The true cost of reverse logistics for new businesses

Any good business owner knows the value of a solid forward supply chain, but what about the reverse logisticsopposite: reverse logistics? Reverse logistics can cost big companies millions and because of the complex nature of their supply chain, it’s often hard to pinpoint exactly where these costs come from.

There are certain unavoidable expenses when it comes to reverse logistics, and these can be heavy for new businesses.

Returning an item back to a bricks and mortar store is still generally the most cost-effective method for a small company, although this can be inconvenient for customers. With online or catalogue purchases, however, the cost of returns increases.

Although companies may want to cut their monetary losses in this area, successful reverse logistics is a fine balancing act that involves weighing up profits and customer attitudes. A returns policy that forces the customer to pay for postage and packaging for example, has a short returns period or only offers store-credit can lower costs but upset customer relationships. Having a returns policy that bends over backwards for unhappy customers will often counteract any negative options, but will end up costing the company more.

One of the biggest expenses in reverse logistics is the additional labour required to deal with the huge numbers of goods returned each year. Whether it’s staff that have to sort out where the item needs to go, or customer care teams who have to process refunds and complaints, in-house staff are an expensive asset.

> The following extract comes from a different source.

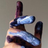 blue paint smeared on them, indicating that someone has been engaged in a painting activity, likely involving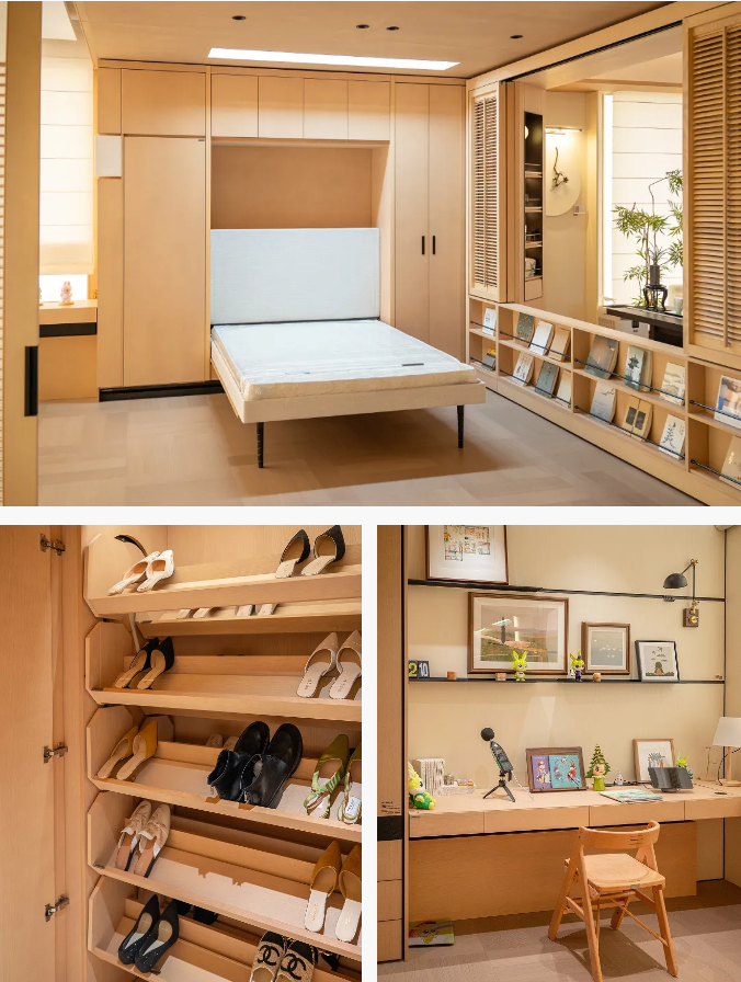 好的设计,始终服务于真实的生活。兔宝宝在整个家居空间中系统植入了适老化与人性化设计理念。入户区域设置的智能旋转鞋柜,有效解决多口之家的鞋物收纳难题;借鉴“八百库空间”理念,充分利用每一寸空间,灵活满足家庭的储物需求。儿童房内配备可调节书桌与榻榻米,伴随孩子不同成长阶段的需求变化。此外,规划合理的“衣柜—换洗—熨烫—护理”一体化动线,让家务流程更为顺畅;可移动书柜配合智能语音操控,轻松实现阅读、娱乐、聚会等多种场景的灵活切换。

Certain items such as weekly or monthly magazines and computer and electronic goods can quickly depreciate in value when returned. Unless repackaged and sold elsewhere, either as new, refurbished or even scrap, they can cost a small buisness triple their retail value. Other expenses can come from customer expectations. When an item is sent back through the supply chain as a return, a customer will generally expect a full refund or a replacement.

With such a delicate operation, reverse logistics is a process that’s better handled in expert hands in order to provide your customers with a simple returns solution. Outsourcing to a third party logistics company can far outweigh any expense, and will often reduce any unnecessary costs when processing returns.